Geodynamic controls in the southernmost Northern Andes magmatic arc: Trace elements and Hf-O isotopic systematics in forearc detrital zircon

Abstract

U-Pb dating of single detrital zircon grains by laser ablation−inductively coupled plasma−mass spectrometry (LA-ICP-MS) paired with Hf and O isotopic and trace-element analyses provide first-order indicators of the Late Cretaceous−Cenozoic evolution of the southern Ecuadorian magmatic arc. Detrital zircon U-Pb ages define significant clusters that are tentatively interpreted as intense arc magmatism at ca. 72 Ma, ca. 60 Ma, and ca. 43 Ma. A major accretionary event in the Late Cretaceous (75−65 Ma) is marked by a broad range of zircon isotopic values (εHf[t] > 20 and δ18O > 8‰) that suggest melting of both the lower and upper crust (most likely of continental affinity) as well as enriched mantle components. Highly fractionated signatures in trace-element patterns and Eu/Eu* combined with mantle-like δ18O and juvenile εHf values characterize zircons from 60 to 45 Ma, suggesting that the Late Cretaceous−middle Eocene arc originated from an enriched mantle and likely reflects the persistence of overthickened crust previously attributed to the main Late Cretaceous accretionary period. Subsequently, negative shifts in εHf(t) isotopic composition from 45 to 30 Ma are paired with mantle-like δ18O values as well as decreases in U/Yb and Eu/Eu*. These signatures could be attributed to magma emplacement in a thinner crust and the existence of a broad extensional magmatic arc extending from the current forearc toward areas near the craton; however, other scenarios cannot be excluded.
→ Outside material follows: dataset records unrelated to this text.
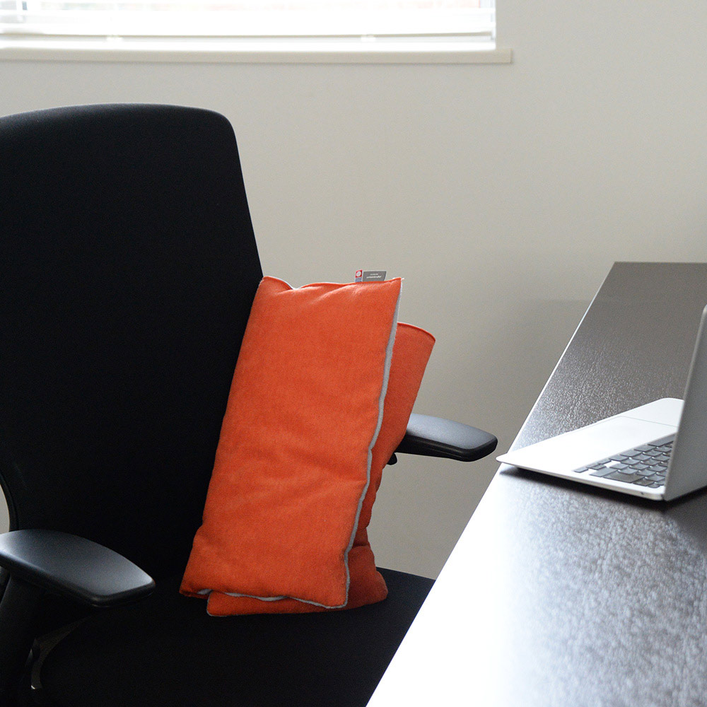 デスクまわりで背もたれに挟んだり、ヘッドレスト代わりにしたり。丸めて持ち運ぶのも簡単だから、アウトドアなど外にも気軽に持ち出せます。
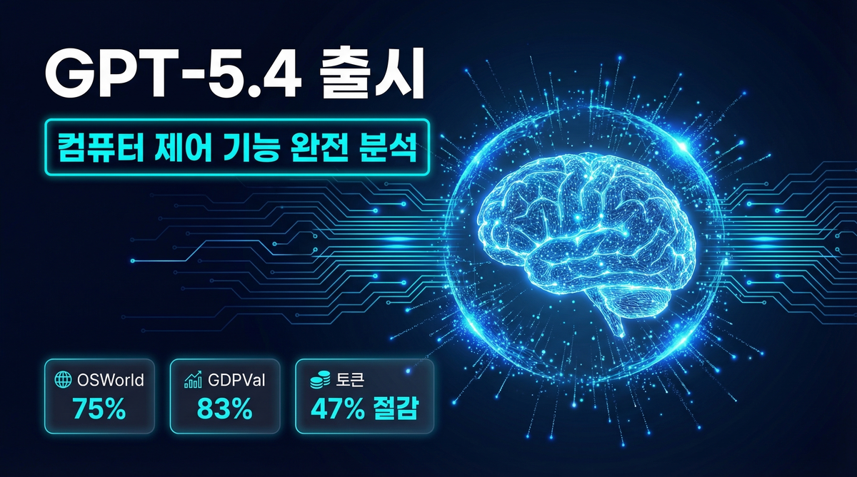 2026년 3월 6일 새벽 3시, OpenAI가 GPT-5.4를 출시했어요. 컴퓨터를 직접 조종하는 기능부터 지식 근로 벤치마크 83% 달성까지 굵직한 변화들이 담겨 있어요. GPT-5.4의 핵심 내용을 살펴볼게요.
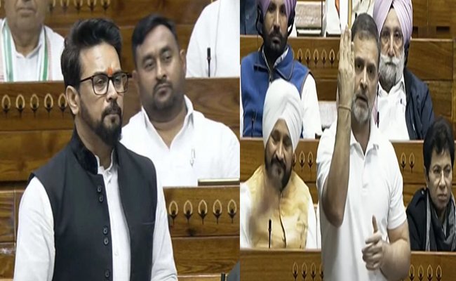 लोकसभा में राहुल गांधी पर अनुराग ठाकुर का पलटवार, बोले- अंगूठा काटने की बात करने वालों के राज में सिखों के गले काटे
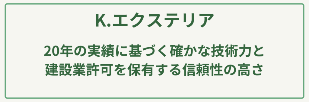 K.エクステリアは、小田原市を拠点に神奈川県全域で活躍する外構・お庭づくりのスペシャリストです。設計から施工、さらには施工後のアフターフォローまで一貫して自社で対応する**「完全自社施工」**体制を整えており、お客様の細かな要望をダイレクトに形にする高い再現力が魅力です。
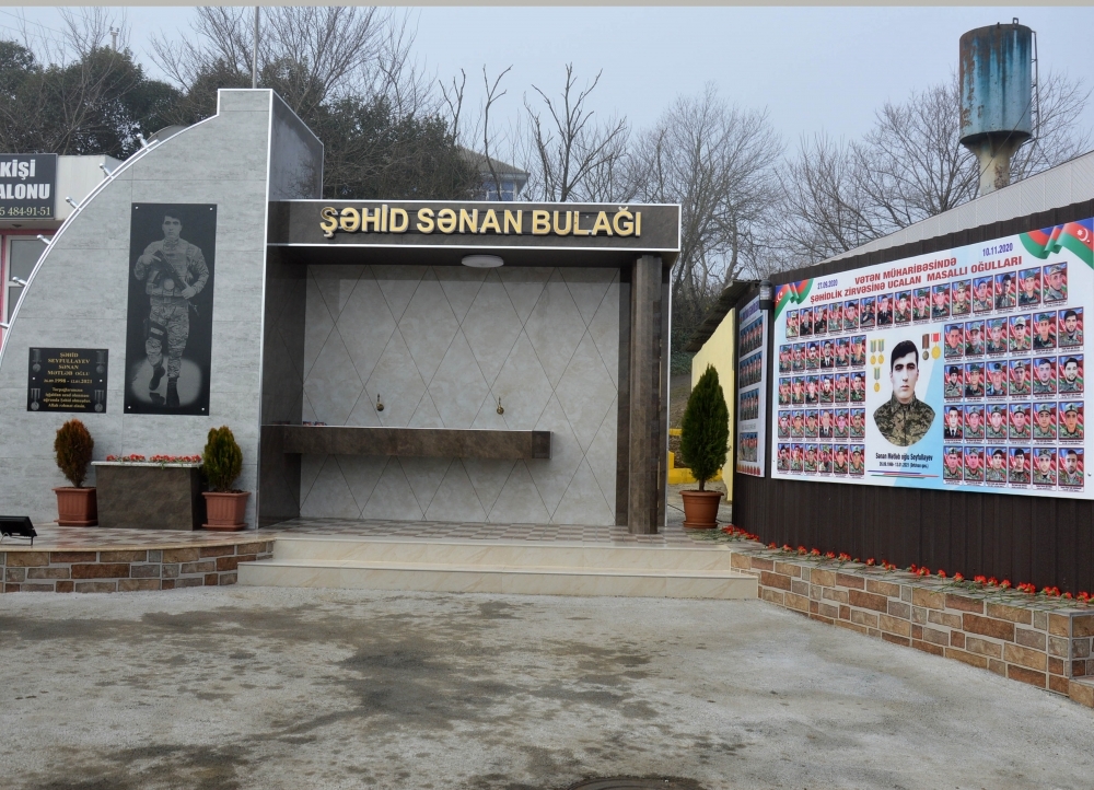 Qəsəbənin girişində şəhid Sənan Seyfullayevin şərəfinə bulaq inşa edilib.
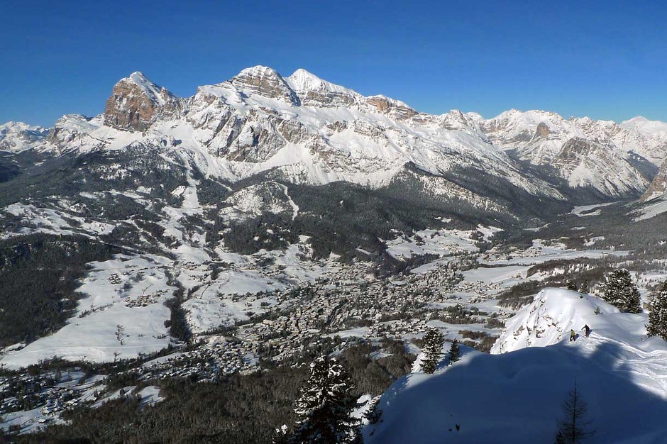 Una seconda alternativa prevede invece di traversare a sinistra quando inizia il bosco, per sciare lungo un bel pendio. Zigzagando in mezzo agli alberi si guadagna una stradina che arriva alla Malga Meneguto, ottimo punto di ristoro per bere una meritata birra, da qui il ritorno a Cortina è tramite taxi.
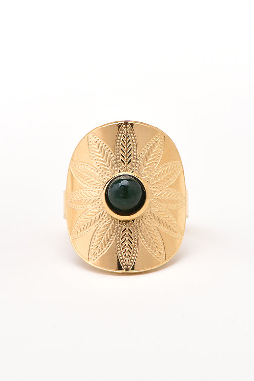 Gold-plated ring with green malachite, adjustable – natural and stylish.
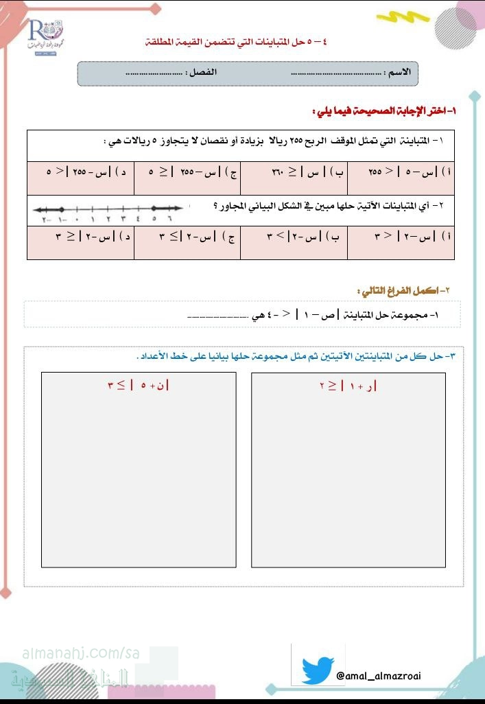 تم إيجاد الملف: ورقة عمل درس حل المتباينات الخطية التي تتضمن القيمة المطلقة
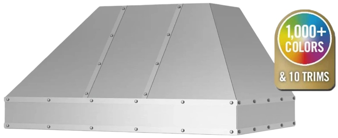 Metals & Strapping: Change your hood material from stainless steel to 14 different custom metals options including brass and copper. Plus, enhance your ventilation hood design by adding custom strapping and rivets to compliment other finishes in your kitchen.
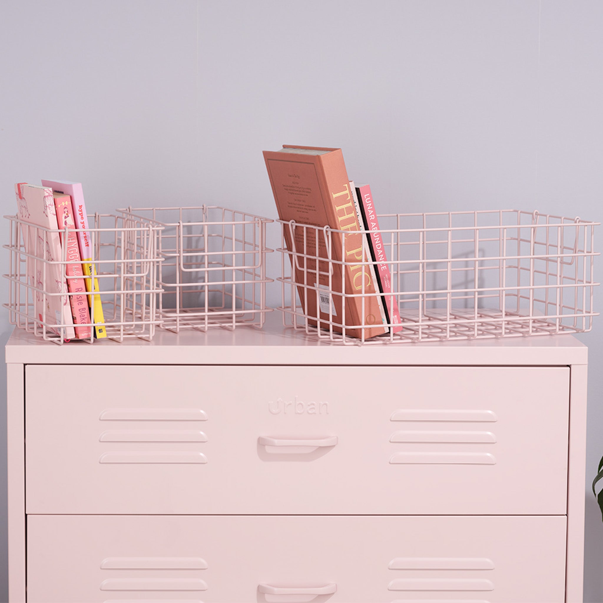 Onze Urban manden zijn gemaakt van duurzaam metaal en afgewerkt in lichtroze. Ze zijn een geweldige aanvulling op het organiseren en stylen van onze opbergkasten of lades. De set van 3 manden bestaat uit één grote en twee middelgrote manden.

This event was characterized by enriched mantle melt sources with residence times pointing to known crustal events (Sunsás) in the Amazonian craton. From 30 to 10 Ma, the isotopic record slightly evolved toward a depleted mantle signature with a substantial increase in fractionation. Our results combined with previously published isotopic records from detrital zircon grains found in modern rivers suggest that, for at least the last 30 m.y., the southernmost Northern Andes magmatic arc has been segmented, with the emplacement of juvenile magmas to the north and more enriched magmas related to the recycling of ancient continental crust and/or subducted sediments to the south—aspects found in other Northern Andes settings in which the continental arc was constructed in both oceanic and continental crust.